Work order -> Every entry needs to be printed exactly, please.

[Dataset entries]
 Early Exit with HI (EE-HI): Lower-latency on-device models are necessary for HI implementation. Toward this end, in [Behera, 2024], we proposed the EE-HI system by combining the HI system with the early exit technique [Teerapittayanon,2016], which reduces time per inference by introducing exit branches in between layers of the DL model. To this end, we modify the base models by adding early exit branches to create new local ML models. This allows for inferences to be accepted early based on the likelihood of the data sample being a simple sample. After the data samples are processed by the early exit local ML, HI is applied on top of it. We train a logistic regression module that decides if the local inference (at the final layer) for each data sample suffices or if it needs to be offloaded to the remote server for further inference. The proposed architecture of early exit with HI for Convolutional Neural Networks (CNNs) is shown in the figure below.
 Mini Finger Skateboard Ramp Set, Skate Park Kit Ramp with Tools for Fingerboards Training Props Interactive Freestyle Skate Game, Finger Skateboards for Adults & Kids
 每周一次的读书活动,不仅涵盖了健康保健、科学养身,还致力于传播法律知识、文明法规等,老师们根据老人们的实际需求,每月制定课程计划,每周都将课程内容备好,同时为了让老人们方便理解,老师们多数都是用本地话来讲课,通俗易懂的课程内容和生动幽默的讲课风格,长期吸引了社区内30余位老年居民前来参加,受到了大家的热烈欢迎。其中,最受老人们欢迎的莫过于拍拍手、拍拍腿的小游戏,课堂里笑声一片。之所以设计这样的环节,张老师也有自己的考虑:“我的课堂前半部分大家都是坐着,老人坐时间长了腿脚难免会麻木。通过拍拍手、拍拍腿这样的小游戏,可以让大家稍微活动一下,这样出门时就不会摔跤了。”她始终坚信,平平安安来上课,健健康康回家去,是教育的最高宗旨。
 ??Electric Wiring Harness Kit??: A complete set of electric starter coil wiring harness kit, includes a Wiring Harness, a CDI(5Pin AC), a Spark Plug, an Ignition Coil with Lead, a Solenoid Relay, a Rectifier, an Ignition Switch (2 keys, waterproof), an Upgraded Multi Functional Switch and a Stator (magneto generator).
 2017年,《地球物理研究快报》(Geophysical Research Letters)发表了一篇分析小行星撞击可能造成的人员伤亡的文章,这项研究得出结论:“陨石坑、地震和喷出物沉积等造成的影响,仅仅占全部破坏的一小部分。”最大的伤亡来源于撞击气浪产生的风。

Answer to the problem ->
 Early Exit with HI (EE-HI): Lower-latency on-device models are necessary for HI implementation. Toward this end, in [Behera, 2024], we proposed the EE-HI system by combining the HI system with the early exit technique [Teerapittayanon,2016], which reduces time per inference by introducing exit branches in between layers of the DL model. To this end, we modify the base models by adding early exit branches to create new local ML models. This allows for inferences to be accepted early based on the likelihood of the data sample being a simple sample. After the data samples are processed by the early exit local ML, HI is applied on top of it. We train a logistic regression module that decides if the local inference (at the final layer) for each data sample suffices or if it needs to be offloaded to the remote server for further inference. The proposed architecture of early exit with HI for Convolutional Neural Networks (CNNs) is shown in the figure below.
 Mini Finger Skateboard Ramp Set, Skate Park Kit Ramp with Tools for Fingerboards Training Props Interactive Freestyle Skate Game, Finger Skateboards for Adults & Kids
 每周一次的读书活动,不仅涵盖了健康保健、科学养身,还致力于传播法律知识、文明法规等,老师们根据老人们的实际需求,每月制定课程计划,每周都将课程内容备好,同时为了让老人们方便理解,老师们多数都是用本地话来讲课,通俗易懂的课程内容和生动幽默的讲课风格,长期吸引了社区内30余位老年居民前来参加,受到了大家的热烈欢迎。其中,最受老人们欢迎的莫过于拍拍手、拍拍腿的小游戏,课堂里笑声一片。之所以设计这样的环节,张老师也有自己的考虑:“我的课堂前半部分大家都是坐着,老人坐时间长了腿脚难免会麻木。通过拍拍手、拍拍腿这样的小游戏,可以让大家稍微活动一下,这样出门时就不会摔跤了。”她始终坚信,平平安安来上课,健健康康回家去,是教育的最高宗旨。
 ??Electric Wiring Harness Kit??: A complete set of electric starter coil wiring harness kit, includes a Wiring Harness, a CDI(5Pin AC), a Spark Plug, an Ignition Coil with Lead, a Solenoid Relay, a Rectifier, an Ignition Switch (2 keys, waterproof), an Upgraded Multi Functional Switch and a Stator (magneto generator).
 2017年,《地球物理研究快报》(Geophysical Research Letters)发表了一篇分析小行星撞击可能造成的人员伤亡的文章,这项研究得出结论:“陨石坑、地震和喷出物沉积等造成的影响,仅仅占全部破坏的一小部分。”最大的伤亡来源于撞击气浪产生的风。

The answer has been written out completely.